L’écoféminisme a eu deux effets profonds sur moi : le premier est de me sentir un peu moins sans-abri et coupée du cosmos. Mais, en même temps, je me sens encore plus en décalage avec la société, car cette pensée porte une critique profonde des valeurs dominantes que j’ai pu vivre comme une forme de malaise. Quand j’ai repris l’enseignement après deux années consacrées à mes recherches, notamment passées en Inde, je me suis retrouvée à devoir faire tout ce que j’avais critiqué durant cette période : mettre des notes, reproduire la concurrence individuelle du néolibéralisme, mais aussi constater les effets d’un racisme structurel, où Imad et Fatiha ont toujours des notes inférieures à Luce et Philémon.

Durant ces deux ans, je m’étais mise à l’écoute de mes rythmes biologiques – par exemple en évitant une activité intellectuelle à 13 heures, en pleine digestion – qu’il n’était plus possible de respecter dans le cadre du lycée. Je voulais laisser mes élèves faire la sieste en début d’après-midi, et arrêter de les noter – ce qui m’a valu des lettres de parents d’élèves. Tout cela a participé à une profonde sensation d’inconfort, comme sur l’aspect personnel : je ne suis plus certaine de vouloir revivre en ménage avec un homme car je ne veux plus être soumise, par exemple, à une culpabilisation si je n’ai pas envie d’avoir un rapport sexuel.

L’écoféminisme a ainsi participé à des prises de conscience qui créent des décalages, mais m’a offert de nouvelles clés métaphysiques qui m’ont permis de comprendre pourquoi je m’étais sentie aussi dépressive, et comment renouer avec l’énergie vitale.

Alors que l’écoféminisme est désormais un courant visible de la pensée écologiste, quels chemins philosophiques pourraient contribuer à le faire évoluer dans les années à venir ?

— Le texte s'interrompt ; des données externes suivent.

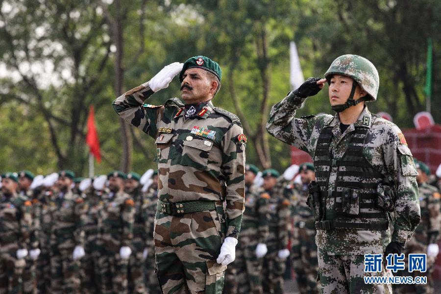 当日,“携手—2014”中印陆军反恐联合训练开训仪式在印度马哈拉斯特拉邦浦那市奥恩德军营举行。在随后的10天里,双方将采取体验教学、示范观摩、混编同训等方式,组织基础体能、战术手语、入室清剿和简易爆炸物搜索与排除等课目训练,按照战场监视、立体封控、营救人质、联合歼击、追捕搜剿的步骤实施城镇反恐联合实兵演练。新华社记者郑焕松摄
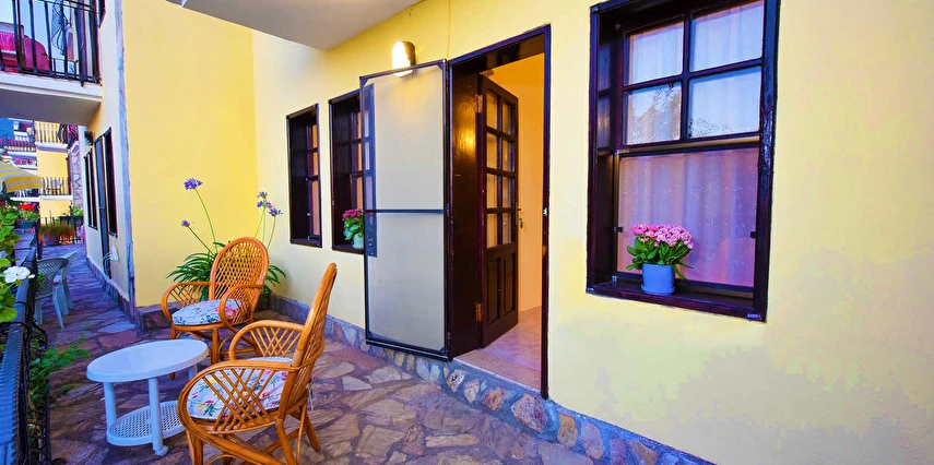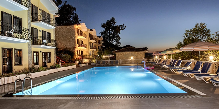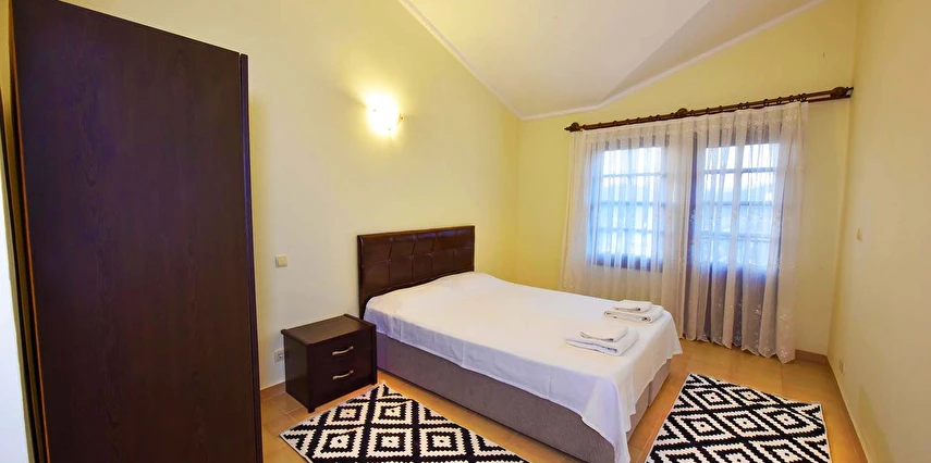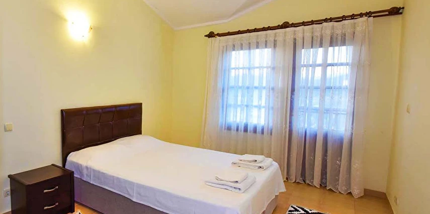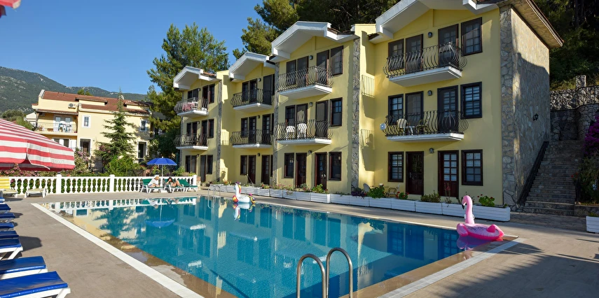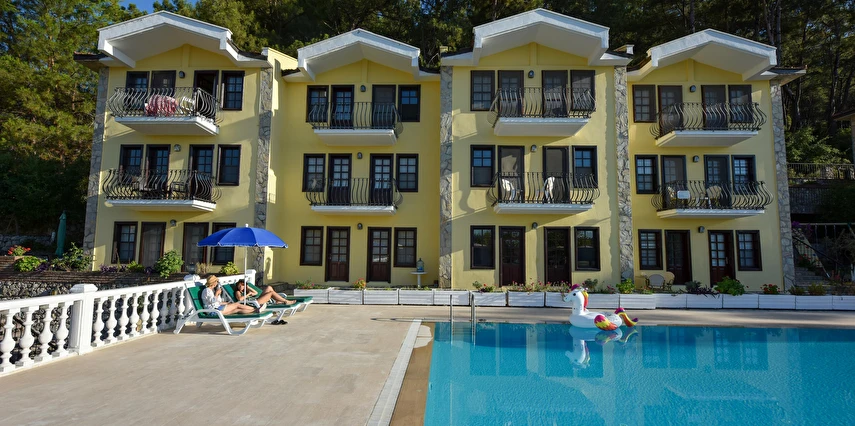 Fethiye'nin Hisarönünde bulunan Evlerimiz 2 yatak odası ve 2 banyosu ile toplam 5 kişi konaklama kapasitesine sahiptir. Modern mimariye sahip Evlerimiz büyük havuzlu ve bahçelidir. Evlerimiz müstakil girişlidir. Konum olarak hisarönü merkezde olup restorant bar ve cafelere 2 dakika yürüme mesafesindedir ayrıca ölüdeniz plajlarına gitmek isteyenler minibüsle yada araçla 5 dakikada gidilebilir. Evlerimizin mutfağında ihtiyacınız olan bütün araç gereçler mevcut olup bahçesinde barbekü yapılabilir. ÜCRETSİZ WİFİ vardır. Kalabalık aile grupları için site içinde 8 adet aynı evlerimizden mevcut ve çocuklu ailelerimiz için sitemizin içinde bir çocuk parkı bulunmaktadır.

L’écoféminisme a toujours su se renouveler au gré des enjeux et des contextes. Mais ses idéaux anarchisants, municipalistes et communautaires ont fait de la question du pouvoir un angle mort. Les écoféministes ont souvent balayé le sujet d’un revers de main, à l’image de Françoise d’Eaubonne refusant la société du pouvoir aux femmes, pour prôner une société du non-pouvoir… Une fois qu’on dit cela, qu’est-ce qu’on fait ? Je crois donc qu’un travail conceptuel important, dans la mesure où l’écoféminisme pourrait devenir une force politique, consisterait à réfléchir au pouvoir et à la façon de l’exercer, pour ne pas le faire d’une façon verticale et patriarcale le jour venu.

Cela implique d’affiner la définition de ce qu’est le pouvoir, ce qui correspond en quelque sorte à l’entrée dans l’âge adulte pour l’écoféminisme. Et ce n’est pas évident, car réfléchir au pouvoir réclame de ne pas se contenter seulement d’une utopie, mais d’assumer aussi une forme de pragmatisme.